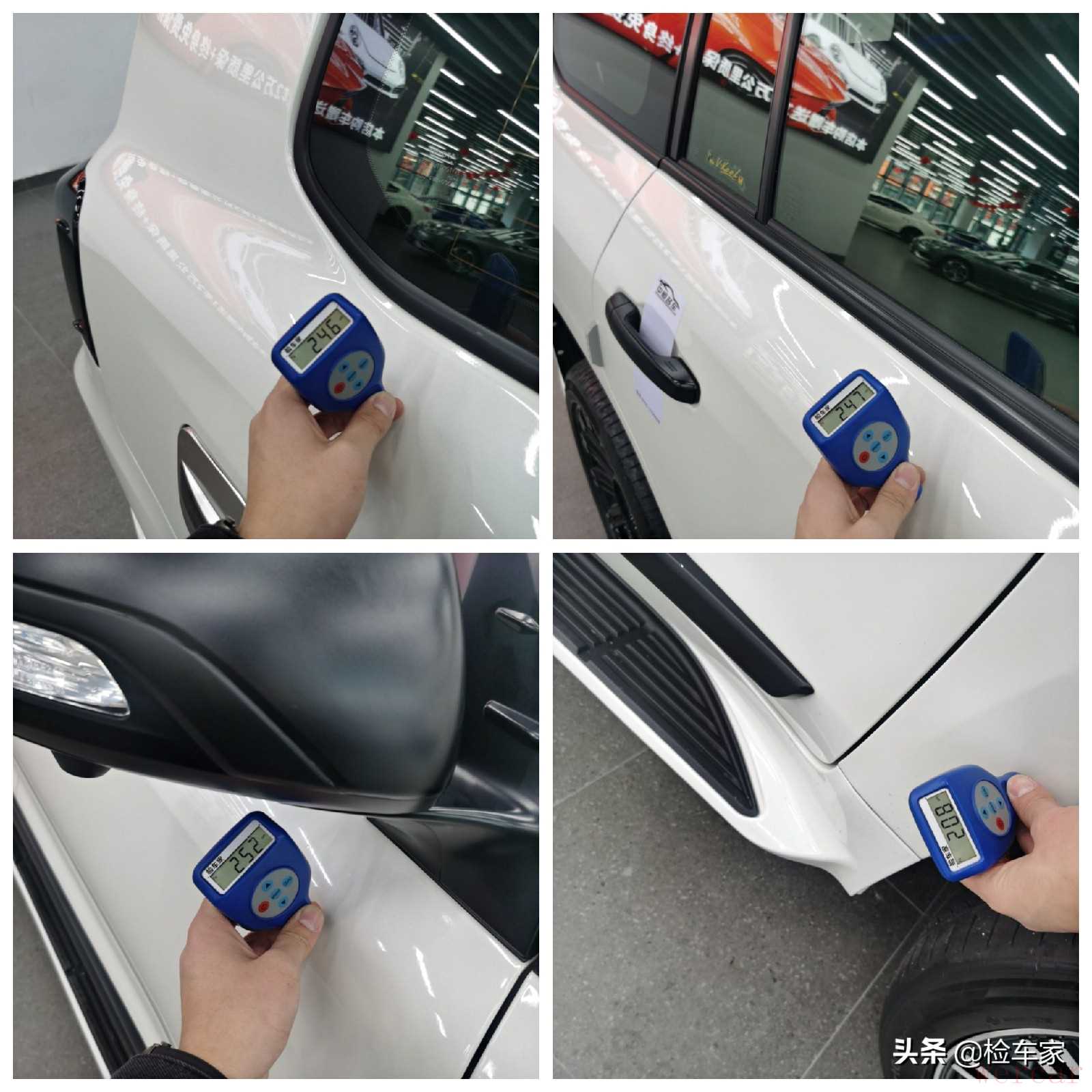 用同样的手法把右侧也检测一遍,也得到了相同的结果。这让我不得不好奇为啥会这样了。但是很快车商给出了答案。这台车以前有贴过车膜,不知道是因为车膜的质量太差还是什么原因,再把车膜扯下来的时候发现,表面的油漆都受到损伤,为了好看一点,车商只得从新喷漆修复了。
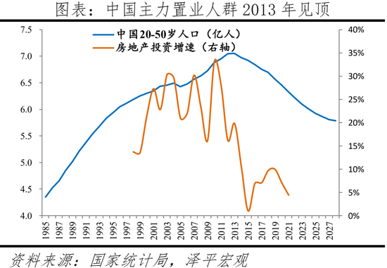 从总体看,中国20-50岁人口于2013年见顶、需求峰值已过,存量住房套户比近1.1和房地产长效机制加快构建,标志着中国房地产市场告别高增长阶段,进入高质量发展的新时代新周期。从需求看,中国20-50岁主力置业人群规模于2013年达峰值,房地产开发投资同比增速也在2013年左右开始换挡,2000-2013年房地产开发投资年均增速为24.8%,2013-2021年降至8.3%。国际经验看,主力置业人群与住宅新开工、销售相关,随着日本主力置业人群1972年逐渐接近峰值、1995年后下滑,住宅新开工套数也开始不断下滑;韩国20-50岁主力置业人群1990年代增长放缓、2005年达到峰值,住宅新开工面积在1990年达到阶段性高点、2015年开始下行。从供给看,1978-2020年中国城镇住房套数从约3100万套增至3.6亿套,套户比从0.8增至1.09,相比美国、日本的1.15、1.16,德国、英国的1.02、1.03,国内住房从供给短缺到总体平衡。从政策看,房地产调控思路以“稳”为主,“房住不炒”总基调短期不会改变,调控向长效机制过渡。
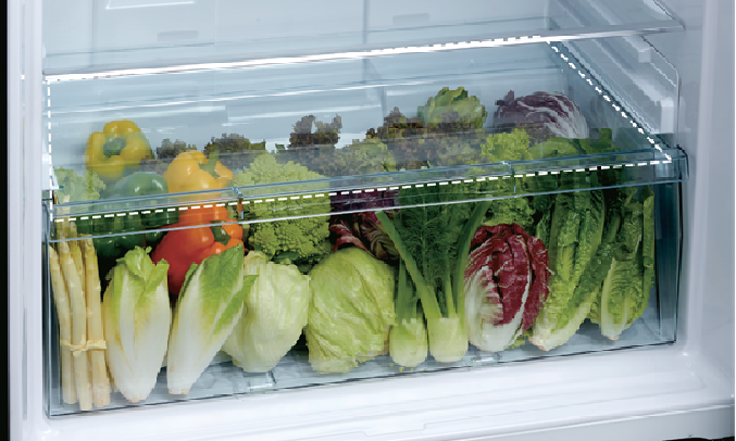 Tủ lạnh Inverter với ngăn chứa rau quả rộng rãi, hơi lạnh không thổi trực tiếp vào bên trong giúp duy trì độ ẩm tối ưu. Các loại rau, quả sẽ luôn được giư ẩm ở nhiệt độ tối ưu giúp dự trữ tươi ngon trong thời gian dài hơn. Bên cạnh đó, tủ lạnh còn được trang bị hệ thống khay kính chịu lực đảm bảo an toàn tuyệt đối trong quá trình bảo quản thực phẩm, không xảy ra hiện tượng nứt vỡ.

====================

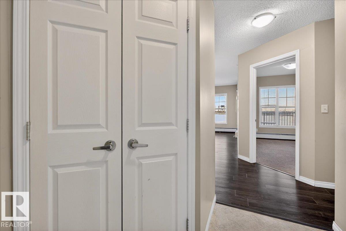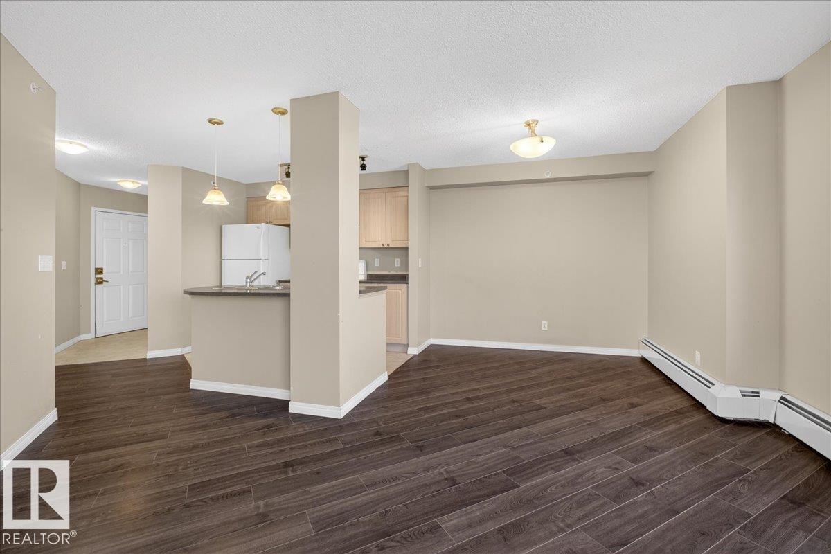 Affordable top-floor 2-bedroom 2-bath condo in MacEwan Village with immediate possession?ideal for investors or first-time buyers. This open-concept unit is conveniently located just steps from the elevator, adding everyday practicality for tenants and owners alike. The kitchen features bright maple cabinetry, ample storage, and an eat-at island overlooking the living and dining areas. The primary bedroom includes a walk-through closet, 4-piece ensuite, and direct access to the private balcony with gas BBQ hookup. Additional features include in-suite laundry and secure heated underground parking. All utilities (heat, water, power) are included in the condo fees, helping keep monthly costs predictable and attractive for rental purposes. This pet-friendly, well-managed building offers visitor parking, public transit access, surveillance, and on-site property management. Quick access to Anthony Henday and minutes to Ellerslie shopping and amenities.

====================

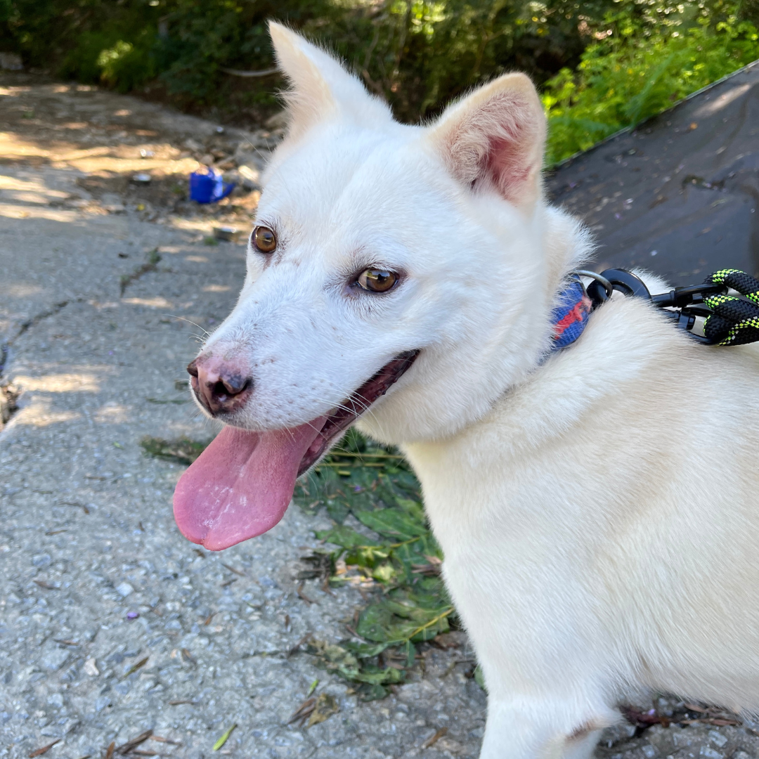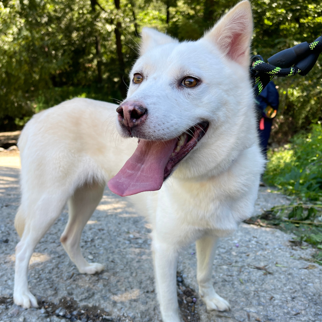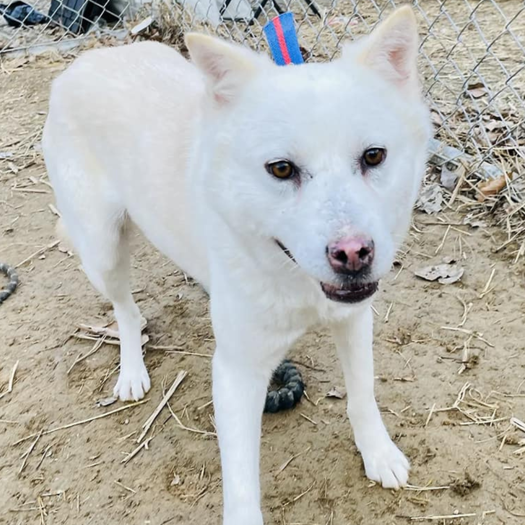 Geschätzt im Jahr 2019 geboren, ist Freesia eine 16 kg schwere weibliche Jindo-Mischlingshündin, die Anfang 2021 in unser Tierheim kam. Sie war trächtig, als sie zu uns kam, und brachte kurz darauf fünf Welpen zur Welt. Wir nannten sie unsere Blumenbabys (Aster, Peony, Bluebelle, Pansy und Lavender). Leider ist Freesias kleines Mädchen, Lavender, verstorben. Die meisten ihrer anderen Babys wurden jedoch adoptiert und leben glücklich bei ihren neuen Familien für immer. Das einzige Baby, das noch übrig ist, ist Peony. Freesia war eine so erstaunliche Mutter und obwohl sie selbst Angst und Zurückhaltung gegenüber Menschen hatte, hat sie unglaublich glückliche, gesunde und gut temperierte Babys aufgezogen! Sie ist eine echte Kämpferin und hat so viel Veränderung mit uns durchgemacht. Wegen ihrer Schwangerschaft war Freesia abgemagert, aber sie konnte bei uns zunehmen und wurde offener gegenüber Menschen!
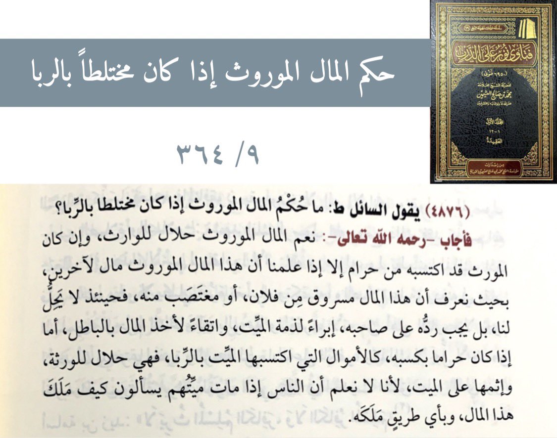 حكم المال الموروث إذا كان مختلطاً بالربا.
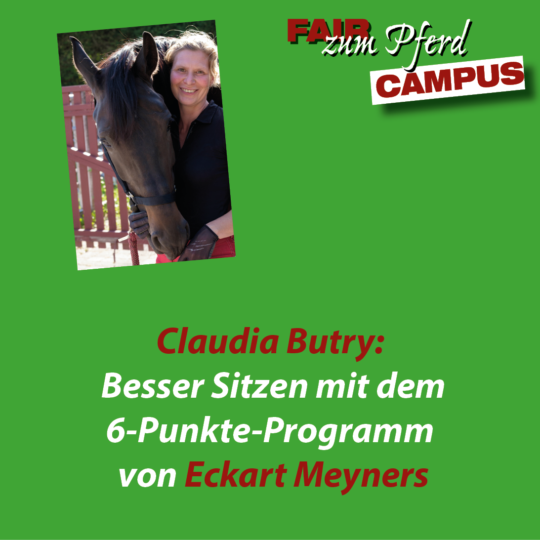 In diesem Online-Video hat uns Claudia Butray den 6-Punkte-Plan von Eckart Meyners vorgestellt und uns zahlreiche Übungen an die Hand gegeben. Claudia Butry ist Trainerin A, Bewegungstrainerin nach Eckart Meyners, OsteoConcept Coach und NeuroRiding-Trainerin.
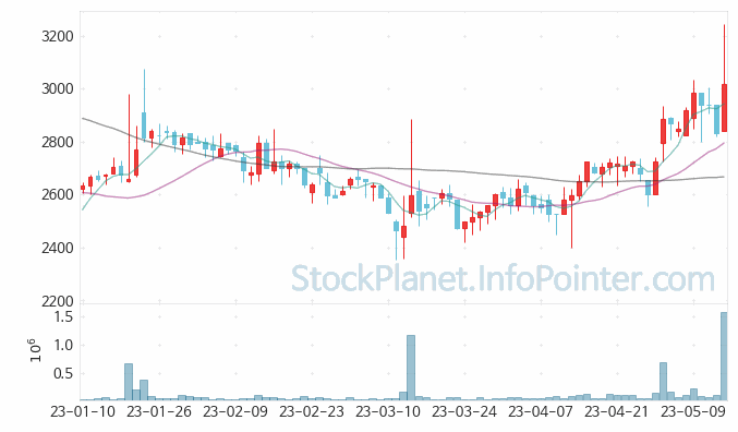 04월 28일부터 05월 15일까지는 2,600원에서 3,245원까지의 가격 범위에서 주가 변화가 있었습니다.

====================

** Task goal **
From the records above, output only the lines starting at the one containing "Geschätzt im Jahr" and ending at the one containing "04월 28일부터 05월", word for word. Pictures stay out.

** Response to the exercise **
 Geschätzt im Jahr 2019 geboren, ist Freesia eine 16 kg schwere weibliche Jindo-Mischlingshündin, die Anfang 2021 in unser Tierheim kam. Sie war trächtig, als sie zu uns kam, und brachte kurz darauf fünf Welpen zur Welt. Wir nannten sie unsere Blumenbabys (Aster, Peony, Bluebelle, Pansy und Lavender). Leider ist Freesias kleines Mädchen, Lavender, verstorben. Die meisten ihrer anderen Babys wurden jedoch adoptiert und leben glücklich bei ihren neuen Familien für immer. Das einzige Baby, das noch übrig ist, ist Peony. Freesia war eine so erstaunliche Mutter und obwohl sie selbst Angst und Zurückhaltung gegenüber Menschen hatte, hat sie unglaublich glückliche, gesunde und gut temperierte Babys aufgezogen! Sie ist eine echte Kämpferin und hat so viel Veränderung mit uns durchgemacht. Wegen ihrer Schwangerschaft war Freesia abgemagert, aber sie konnte bei uns zunehmen und wurde offener gegenüber Menschen!
 حكم المال الموروث إذا كان مختلطاً بالربا.
 In diesem Online-Video hat uns Claudia Butray den 6-Punkte-Plan von Eckart Meyners vorgestellt und uns zahlreiche Übungen an die Hand gegeben. Claudia Butry ist Trainerin A, Bewegungstrainerin nach Eckart Meyners, OsteoConcept Coach und NeuroRiding-Trainerin.
 04월 28일부터 05월 15일까지는 2,600원에서 3,245원까지의 가격 범위에서 주가 변화가 있었습니다.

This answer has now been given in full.